Let's consider an (e-commerce) Order and an Invoice. Is the creation of an invoice a behaviour of the Order? After all, it has the data the invoice needs. But it's not an Order behaviour, because the concept of an Order is basically a 'document' detailing what a customer wants to buy from you. An invoice is another document which uses some data from the Order but also other data (discounts rules based on volume or customer status). An Invoice generation is a use case of the Order.

How about tracking the Order's fulfilment? We need to know what products are ready, what needs to be ordered from the supplier etc. All these together form another use case of the Order. How about the Order status (Pending, InProgress,ReadyToShip, Shipped,Delivered etc)? Does this belongs to an Order? It doesn't. The tracking of the Order's state isn't part of the Order concept. We're using additional data and behaviour to represent different use cases which are useful for the business and for the customer but which don't define the Order concept.
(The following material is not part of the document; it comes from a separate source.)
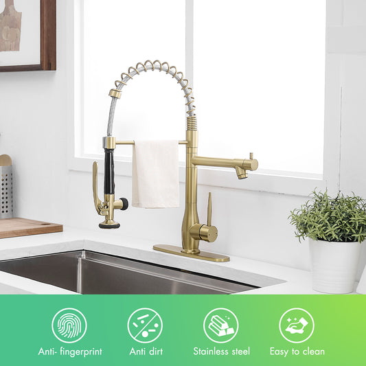 Kitchen Faucet with Pull Down Sprayer Brushed Gold Stainless Steel Single Handle Pull Out Spring Sink Faucets
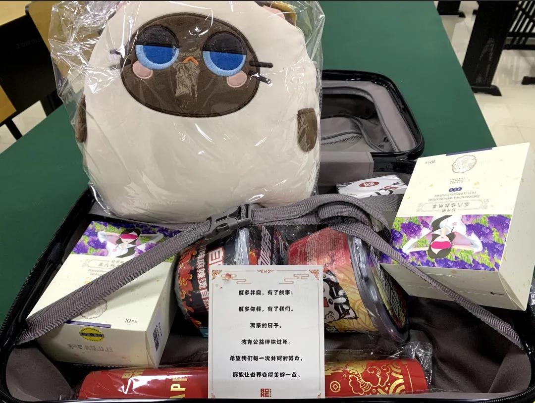 受新冠肺炎疫情影响,bat365中文官网入口学生响应国家就地过年的号召,选择在学校度过这场特殊的春节。为了让留校同学感受到如在家过年般的温暖,近日,学院携手波克公益先后为同学们送上了新年礼包。

There are a lot of Domain entities and Aggregate Roots which don't have behaviour but are involved in many use cases.  A domain object should model a Domain concept regardless of complexity or number of behaviours. The purpose is not to come up with big objects with lots of methods. The purpose of DDD is to represent the relevant business concepts, simple or complex.

If you model the correct concept as it is, not as you think it should be based on technical rules or recipes, you'll have a very organic, flexible and thus maintainable Model.